Выруливая пикап в хвост гудящей колонне петхаинцев, я подумал, что люди так и не вырастают из детства. Просто у них не остаётся потом для него времени.
– Сколько тебе, Амалия, лет? – произнёс я.
– Семнадцать.
– Боишься смерти?
– Я из Сальвадора. Никогда не боялась. Только один раз – когда повесили отца. Но боюсь, когда бьют.
– Мне сказали, что Кортасар избил тебя. Правда?
– Из-за мисс Нателы. Он хотел, чтобы я не поехала на кладбище. Мистер Занзибар дал ему деньги, и он хотел, чтобы я осталась в синагоге с мистером Занзибаром. Мистер Занзибар хочет меня трахнуть. Он никогда не трахал беременных и хочет попробовать.
– Он так сказал? – поразился я. – Попробовать? Как так?
– Я не знаю как, – ответила Амалия. – Но меня пока можно по-всякому. У меня только седьмой месяц.
– А что ты сказала Кортасару?
– А я сказала, что я не могу не поехать на кладбище. Я очень уважала мисс Нателу, она мне всегда давала деньги. Даже дала на аборт, но Кортасар взял и отнял… А сейчас она уже умерла и больше никогда не даст. Но я и не хочу. Вот я мыла её вчера, и никто денег не дал. Нет, позавчера! А я не прошу. Я очень уважаю мисс Нателу.
– А когда тебя Кортасар побил?
– Я ведь ждала тебя за воротами, как ты велел, а он подошёл и сказал, чтобы я осталась. А я побежала и села сюда. А он пришёл, побил меня, а потом ушёл, но сказал, что вместо него поедет мистер Занзибар. Он сказал, чтобы я показала мистеру Занзибару одно место, где никого нету и где Кортасар меня иногда – когда не бьёт – трахает. А иногда – и когда бьёт. Он сказал, что мистер Занзибар трахнет там меня и привезёт на кладбище.
– А ты что сказала? – опешил я.
– А ничего. Сидела и молилась, чтобы вместо мистера Занзибара пришёл ты. Я очень верю в Бога! – и потянув к себе свисавшего с зеркала деревянного Христа, Амалия поцеловала его.

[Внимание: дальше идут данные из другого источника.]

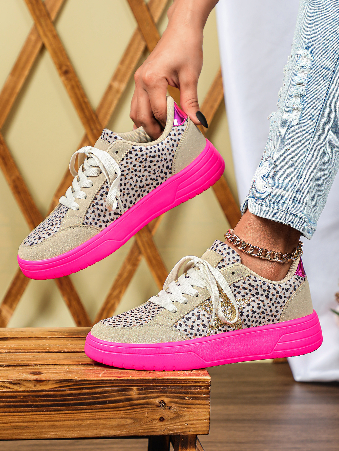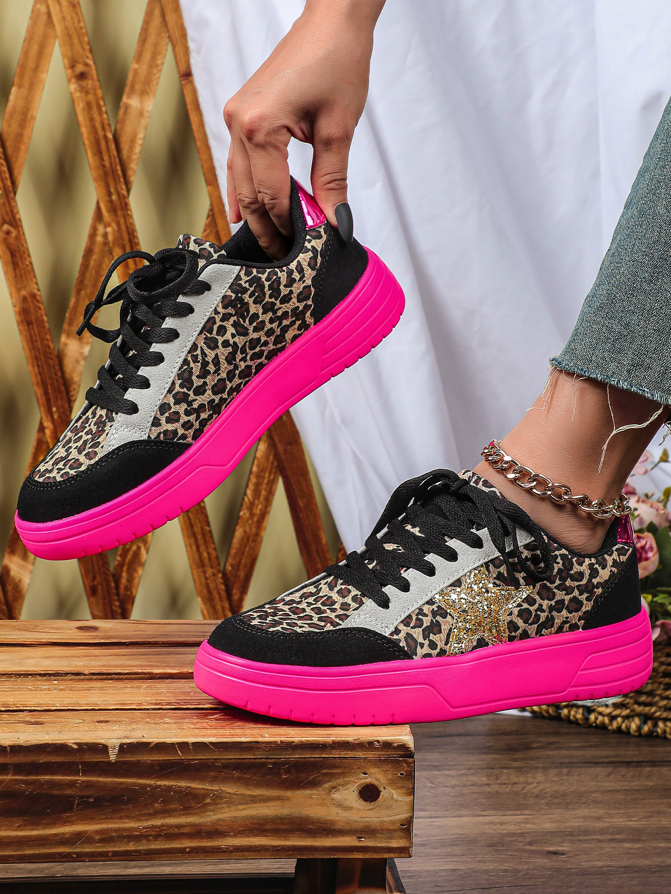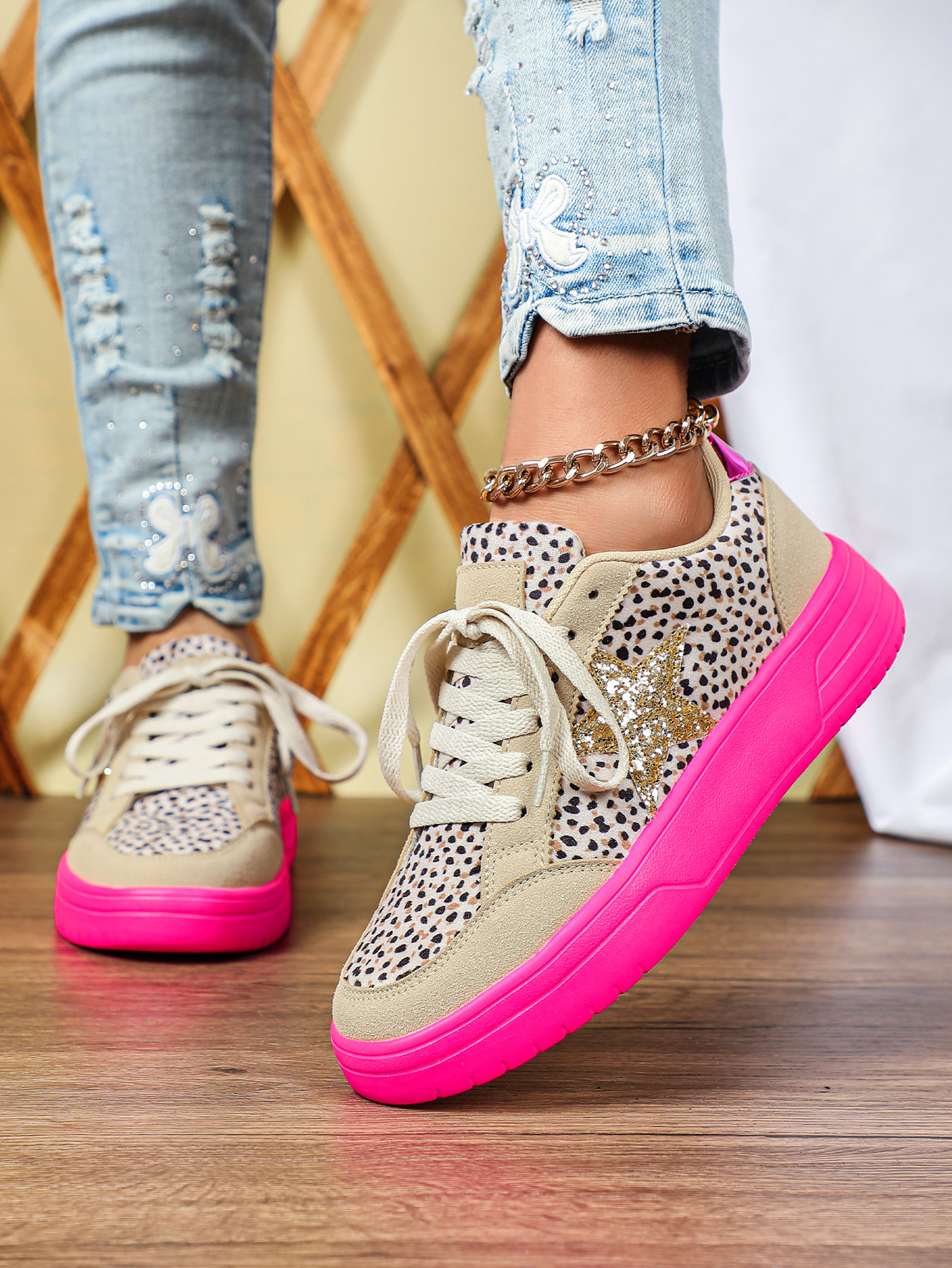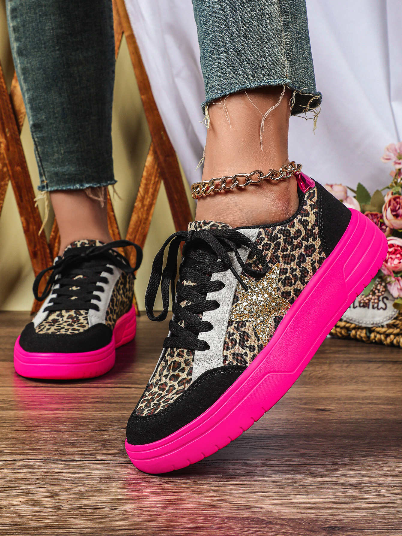 Mens And Womens Leopard-print Skate Shoes With A Personalized Retro Casual Sporty Style

Я молча следил за колонной, которая стала сворачивать влево, в сторону шоссе, и наказывал себе не смотреть ни на беременную Амалию, ни на гроб с Нателой за моим плечом.
– А ты рад? – спросила Амалия. – Что я тебя ждала?
– Скажи, – кивнул я, – а ты Кортасара любишь?
– Я его скоро убью, – проговорила она и, подумав, добавила. – Через три месяца. Когда рожу.
– Убьёшь? – сказал я.
– Конечно! – и снова поцеловала Христа. – Когда я мыла мисс Нателу, я даже не удивилась: тело у неё было мягкое. Старушки ваши перепугались, а я нет, я знаю, что это Кортасар умрёт… Человека нельзя бить, никогда нельзя!
– При чём тут это? – насторожился я.
– Ты же знаешь! Если труп твёрдый – это хорошо, а если мягкий – плохо: заберёт с собой ещё кого-нибудь. Это у нас такая примета, а старушки сказали, что в ваших краях тоже есть такая примета. Значит, это правда. Но пусть никто у вас не боится: Кортасар и умрёт, – повторила Амалия и, погладив себя по животу, добавила с задумчивым видом. – Я его ночью зарежу… Во сне. Когда он умрёт, он меня забудет, и я стану счастливая, а это, говорят, хорошо – стать счастливой. И тебе, и всем вокруг, потому что счастливых мало.
Когда я убирал ногу с газовой педали, «Додж» трясся сильнее, но другого выхода у меня не было, ибо на повороте колонна двигалась совсем уж медленно. Не желал я и паузы, поскольку с тишиной возвращалось воспоминание о дрожащей, как в лихорадке, голове Нателы в гробу.
– А труп, значит, мягкий, да? – вспомнил я.
– Такой у нас хоронят в тот же день, – и шумно втянула ноздрями воздух. – Чувствуешь?
Я принюхался и, к моему ужасу, услышал нечёткий сладковато-приторный запашок гниющего мяса. Выхватил из куртки коробку «Мальборо», но закурить не решился. Причём, – из-за присутствия не беременной женщины, а мёртвой.
Амалия сообразила вытащить из пристёгнутого к животу кошелька флакон с распылителем и брызнуть мне в нос всё тот же терпкий итальянский одеколон, который уже второй раз в течение дня напустил на меня воспоминание о неистовой галантерейщице из города Гамильтон.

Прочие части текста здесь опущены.